The experimenter trains the dog by first ringing the tone, followed by delivering the food, the dog gradually learns to associate the tone with the arrival of food. This training process is called "conditioning".

NS\,(tone) + US\,(food)\longrightarrow UR\,(salivation)

After the conditioning, when the dog hears the tone, it will salivate no matter whether the food is presented or not. The tone here is called the conditioned stimulus (CS), and the salivation the conditioned response (CR).

CS\,(tone)\longrightarrow CR\,(salivation)

Bear these terms in mind, we can move on to several processes.

#### Five Processes

Acquisition is the initial stage of classical conditioning, during which the animal links an NS with an US. The time elapsed between presenting the NS and US usually cannot be too long. The longer the elapse, the weaker the links. Half a second usually works well. During the acquisition, the volume of salivary it emits when hearing sequential tones keep increasing, indicating that the dog learned the conditioning.

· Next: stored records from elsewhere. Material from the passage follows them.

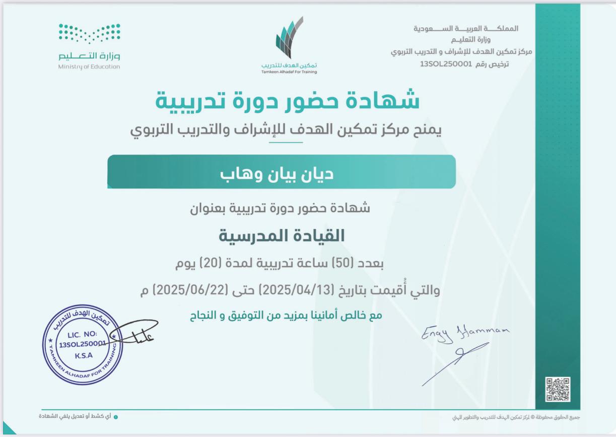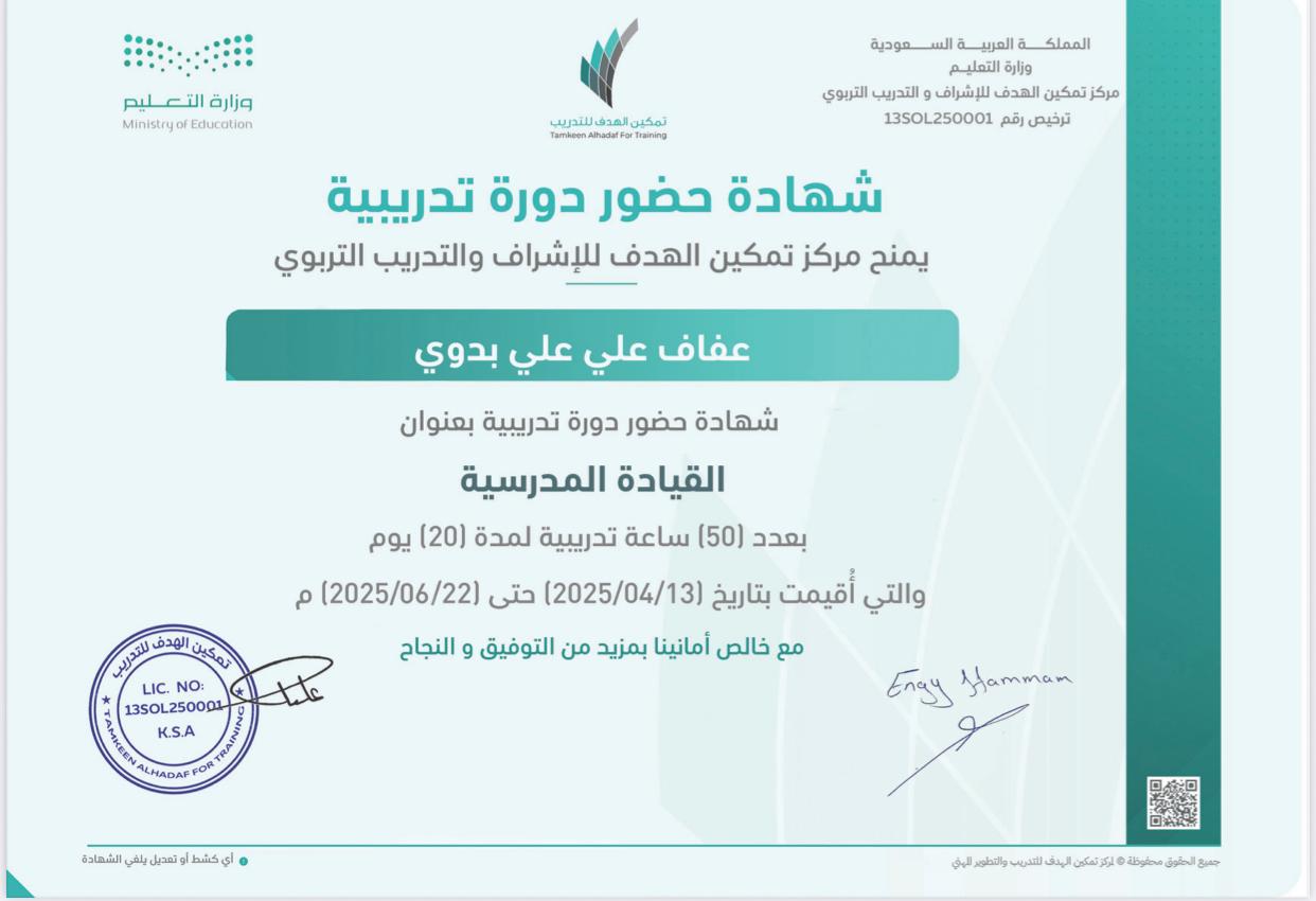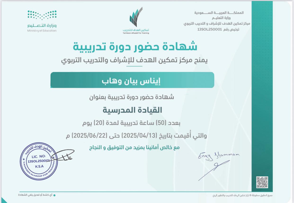 Our Graduates Empowerment Program certificates from the Ministry of Education in the Kingdom of Saudi Arabia_ School Leadership Course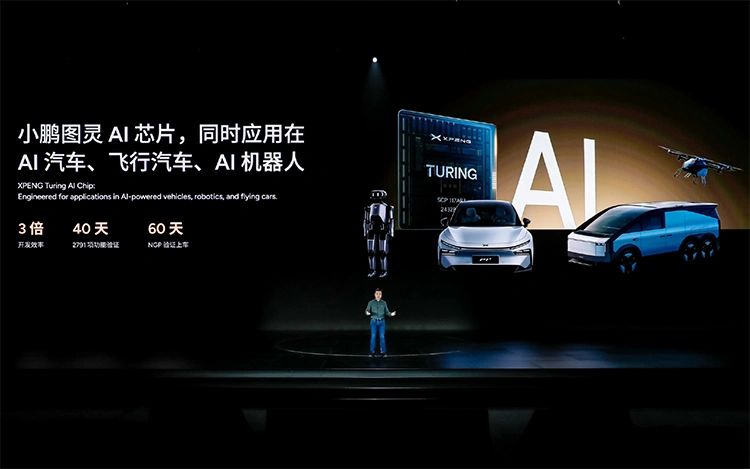 Turing AI Chip โปรเซสเซอร์ 40 คอร์ ถูกออกแบบมาเพื่อรองรับการขับอัตโนมัติระดับ 4 ด้วยความสามารถในการประมวลผล 3 หมื่นล้านพารามิเตอร์ โดยไม่ต้องพึ่งพาคลาวด์ เพิ่มแบนด์วิดท์การสื่อสาร 33 เท่า และประมวลผลภาพจากกล้องเร็วขึ้น 12 เท่า ชิปนี้ให้พลังประมวลผลเหนือกว่าถึง 3 เท่า หรือเทียบเท่า 3 ชิป NVIDIA Orin-X โดยทาง เอ็กซ์เผิง เตรียมเปิดตัวรถยนต์รุ่น Ultra ที่ใช้ Turing AI Chips หลายตัว รวมพลังประมวลผลสูงถึง 3,000 TOPS ปูทางสู่อนาคตของรถยนต์ไฟฟ้า หุ่นยนต์ และยานยนต์บินได้ ตามคอนเซปต์ หนึ่งสถาปัตยกรรม สร้างเทคโนโลยีไร้ขีดจำกัด’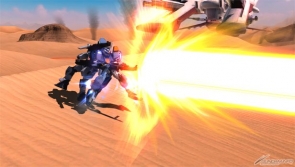 ▲砲身を敵に向けて攻撃するメイン射撃「ビームキャノン」は下へ向けることが出来ない。なるべく地上戦を心がけよう。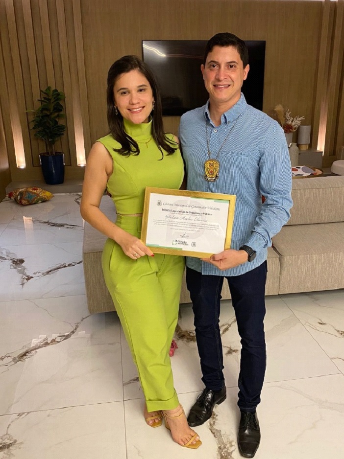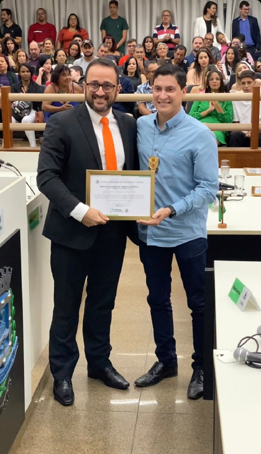 Representando a Câmara Municipal de Governador Valadares, o vereador Alê Ferraz (Novo) autor da indicação, entregou a comenda ao homenageado ressaltando seu trabalho e dedicação incansável pela segurança pública da população valadarense; “Este é um tímido mas justo reconhecimento pelo seu trabalho árduo, dedicação incansável pela preservação da paz e tranquilidade de nossa comunidade. Gratidão aos servidores da Polícia Civil do Estado de Minas Gerais e em especial a você, pelo comprometimento em garantir a segurança e a ordem pública em nosso município”.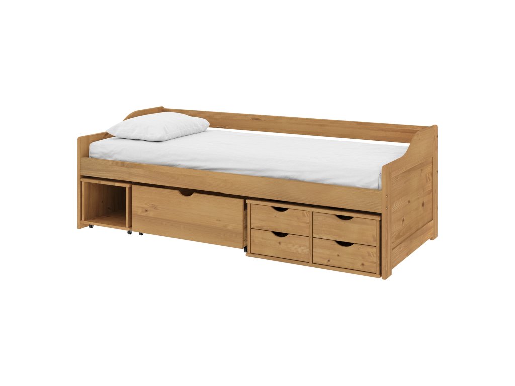 Jednolůžko se zásuvkami MAXIMA vosk - materiál masiv borovice, voskované provedení cena včetně roštu (dřevěný laťkový), matrace není v ceně doporučený rozměr matrace 90 × 200 cm (M2, M5, M9, M12, M24, M26) praktické úložné prostory pod postelí (5 zásuvek) v ceněDoplňkové parametry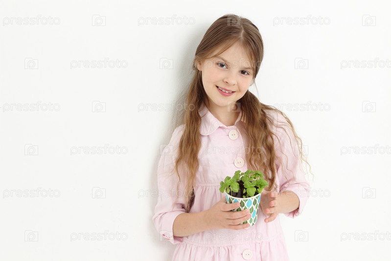 Симпатичная девочка с растением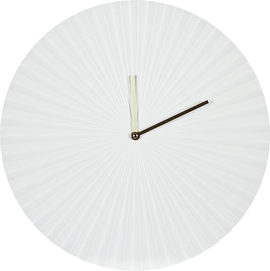 Elegancki biały zegar o strukturze wachlarza ze złotymi wskazówkami. Zegar ma średnicę 40 cm oraz jest zasilany za pomocą jednej baterii AA (nie dołączona do zestawu).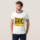 Un chat noir aux yeux jaunes regarde derrière un panneau jaune qui dit "Ne soyez pas timide, soyez fier de vous, faites-moi confiance que vous êtes bon." L'expression du chat est espiègle et ludique, comme si elle encourageait le porteur du T-shirt à être plus confiant.

Extinction is the diminished response that occurs when the learned CS (tone in our example) no longer signals the soon-to-be-arrival US (food). During the extinction, the later the fake tones in the sequence, the less salivation it can trigger, indicating that the dog somehow "forgets" the conditioning.

Simultaneous Recovery is an interesting stage. After the extinction stage, the salivation no longer occurs and the volume becomes zero. However, when the fake CS is paused for a while and emerges again, the salivation would occur again with a mild volume as if the CS was still remembered. It can even work better than it does during the late stage of previous extinction!

Generalization is the ability that the CR can be triggered by similar CS, like a similar tone in our example.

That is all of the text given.